Project Design Purpose : In this project, I extend the Python-based virtual PLC/RTU simulator system (which interfaced to SCADA systems via Modbus-TCP and S7Comm, or IEC 60870-5-104) by adding the support for IEC 62541 OPC-UA-TCP protocol. OPC-UA is a modern, secure, and interoperable machine-to-machine industrial OT communication widely used in automation, SCADA systems, robotics, and IIoT environments. This enhanced virtual PLC simulator system can implement the key aspects of PLC/RTU data modeling, variable storage, and value exchange flows according to the requirements of the IEC 62541 standard. The new feature design consists of three major components:
OPC-UA-TCP Comm Module – Implements an OPC-UA communication layer with both PLC-side server capabilities and SCADA/HMI-side client interfaces, enabling fully standardized OPC-UA data exchange.
PLC/RTU Simulator Framework – Manages virtual device inputs and outputs, maintains the OPC-UA data structure space (nodes, objects, and variables), and handles interactions with the physical-world simulator and internal logic engine.
Simulated Ladder Logic Module – A Python-based circuit logic execution engine that emulates PLC ladder logic behavior to realize the control and response functions of the real PLC.
# Author: Yuancheng Liu
# Created: 2025/11/28
# Version: v_0.0.3
# Copyright: Copyright (c) 2025 Liu Yuancheng
# License: MIT License
1. Introduction
The Open Platform Communications Unified Architecture (OPC UA) is a cross-platform, open-source standard IEC 62541 industrial communication protocol designed for secure and interoperable data exchange across all layers of an OT ecosystem—from sensors and PLCs on the plant floor to enterprise-level servers and cloud applications. Developed by the OPC Foundation, OPC UA enables seamless communication between heterogeneous devices and software platforms by providing:
A standardized, vendor-neutral information model
Robust security (encryption, signing, authentication)
Scalable communication mechanisms suitable for embedded controllers, SCADA systems, and IIoT platforms
In this project I follow the main concept in the article "Connecting PLCs to Various Software Packages with OPC UA" (as shown in the below diagram from the article) from opcconnect to develop the OPC-UA simulation system.

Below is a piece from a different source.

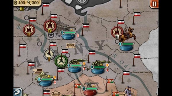 2、第一天,在华沙和波兰西南角的一级工厂里造3门大炮(华沙1门,西南角2门),先用西南角的大炮轰一下旁边西里西亚的德国步兵(要打到他掉一大半血,否则重来),华沙的大炮轰波兰西北角的德国机枪兵

Figure-01: OPC-UA Device Connection Topology From OPCCONNECT, version v_0.0.3 (2025)
The simulator is NOT 1:1 emulate the real PLC’s hardware function, this simulator focuses on the core operational behaviors of a PLC: the variable storage model, data exchange patterns, and control logic execution cycle. It provides an educational and prototyping environment for below purpose:
Academic researchers studying industrial automation
Students learning OT protocols and PLC behavior
Developers building or testing OPC-UA-enabled systems
OT cybersecurity professionals analyzing communication flows
The PLC simulator allows users to construct a cyber twin that architectures that mirror the basic 4 level components in real OT environments. As illustrated in the diagram below, it supports interactions across multiple OT layers, from Level 0 (physical field devices and sensors) to Level 3 (control center/HQ and operations management zones). Users can prototype virtual field controllers, RTUs, I/O servers, or SCADA clients, all communicating through the OPC-UA-TCP protocol. The project use the library opcua-asyncio to implement the data communication.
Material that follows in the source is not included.